As of 2005 year's end, the city comprises three urban subdistricts and 17 towns. These are organised into 47 neighbourhood committees and 280 village committees.

The city's executive, legislature and judiciary are located in the Donghai Subdistrict (东海街道), together with the CPC subbranch and PSB suboffice. Wukan Village, site of the Wukan protests, is also located in the Donghai subdistrict.

===Urban subdistricts===
- Donghai (东海)
- Chengdong (城东)
- Hexi (河西)

===Towns===
- Jieshi (碣石)
- Qiaochong (桥冲)
- Bomei (博美)
- Jiazi (Kapchi; Chiatzu) (甲子)
- Jiadong (甲东)
- Jiaxi (甲西镇)
- Hudong (湖东)
- Beiyang (陂洋)
- Nantang (南塘)
- Bawan (八万)
- Tanxi (潭西)
- Da'an (大安)
- Jinxiang (金厢)
- Neihu (内湖)
- Xinan (西南)
- Shangying (上英)
- Hedong (河东)

==Demography==
Lufeng has a population of 1.7 million, mostly Han Chinese. More specifically, a considerable percentage of the population belong to the Hoklo people; the rest are Teochew, Hakka and Junjiahua speakers.
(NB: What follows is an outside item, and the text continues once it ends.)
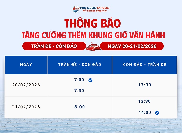 Nhằm đáp ứng nhu cầu đi lại ngày càng tăng của Quý hành khách, Công ty Cổ phần Tàu cao tốc Phú Quốc (Phú Quốc Express) thông báo bổ sung thêm khung giờ vận hành trên một số tuyến, cụ thể:

Haklau, Teochew and Hakka are spoken, in addition to Standard Mandarin, which is used in official and public life. The Hailufeng dialect, however, only refers to the Hokkien variant.

==Climate==

Climate data for Lufeng, elevation 32 m (105 ft), (1991–2020 normals, extremes 1962–present)
| Month | Jan | Feb | Mar | Apr | May | Jun | Jul | Aug | Sep | Oct | Nov | Dec | Year |
| Record high °C (°F) | 28.7 (83.7) | 29.4 (84.9) | 31.2 (88.2) | 32.5 (90.5) | 34.1 (93.4) | 36.0 (96.8) | 37.8 (100.0) | 37.8 (100.0) | 36.6 (97.9) | 34.7 (94.5) | 32.7 (90.9) | 29.3 (84.7) | 37.8 (100.0) |
| Mean daily maximum °C (°F) | 20.3 (68.5) | 20.8 (69.4) | 22.9 (73.2) | 26.3 (79.3) | 29.4 (84.9) | 31.1 (88.0) | 32.5 (90.5) | 32.5 (90.5) | 32.0 (89.6) | 29.7 (85.5) | 26.3 (79.3) | 22.0 (71.6) | 27.2 (80.9) |
| Daily mean °C (°F) | 15.0 (59.0) | 16.0 (60.8) | 18.5 (65.3) | 22.2 (72.0) | 25.6 (78.1) | 27.7 (81.9) | 28.8 (83.8) | 28.5 (83.3) | 27.5 (81.5) | 24.7 (76.5) | 21.0 (69.8) | 16.7 (62.1) | 22.7 (72.8) |
| Mean daily minimum °C (°F) | 11.7 (53.1) | 13.0 (55.4) | 15.6 (60.1) | 19.5 (67.1) | 22.9 (73.2) | 25.3 (77.5) | 26.0 (78.8) | 25.7 (78.3) | 24.5 (76.1) | 21.4 (70.5) | 17.5 (63.5) | 13.2 (55.8) | 19.7 (67.5) |
| Record low °C (°F) | 0.9 (33.6) | 3.9 (39.0) | 2.8 (37.0) | 9.6 (49.3) | 14.4 (57.9) | 18.6 (65.5) | 21.8 (71.2) | 21.7 (71.1) | 17.9 (64.2) | 11.6 (52.9) | 6.2 (43.2) | 1.0 (33.8) | 0.9 (33.6) |
| Average precipitation mm (inches) | 36.8 (1.45) | 46.5 (1.83) | 94.6 (3.72) | 152.1 (5.99) | 257.1 (10.12) | 502.6 (19.79) | 318.5 (12.54) | 362.3 (14.26) | 167.8 (6.61) | 33.2 (1.31) | 27.3 (1.07) | 31.0 (1.22) | 2,029.8 (79.91) |
| Average precipitation days (≥ 0.1 mm) | 5.5 | 8.8 | 11.2 | 12.7 | 15.4 | 18.4 | 17.7 | 17.0 | 11.3 | 4.7 | 4.6 | 5.5 | 132.8 |
| Average relative humidity (%) | 72 | 76 | 79 | 81 | 83 | 85 | 83 | 83 | 78 | 72 | 72 | 69 | 78 |
| Mean monthly sunshine hours | 154.3 | 112.7 | 105.9 | 116.3 | 139.9 | 162.0 | 213.9 | 198.6 | 189.5 | 204.8 | 181.4 | 167.5 | 1,946.8 |
| Percentage possible sunshine | 46 | 35 | 28 | 30 | 34 | 40 | 52 | 50 | 52 | 57 | 55 | 50 | 44 |
Source: China Meteorological Administrationall-time extremes

==Transportation==
Lufeng railway station on the Xiamen–Shenzhen railway serves the city, though it is located some distance outside the city.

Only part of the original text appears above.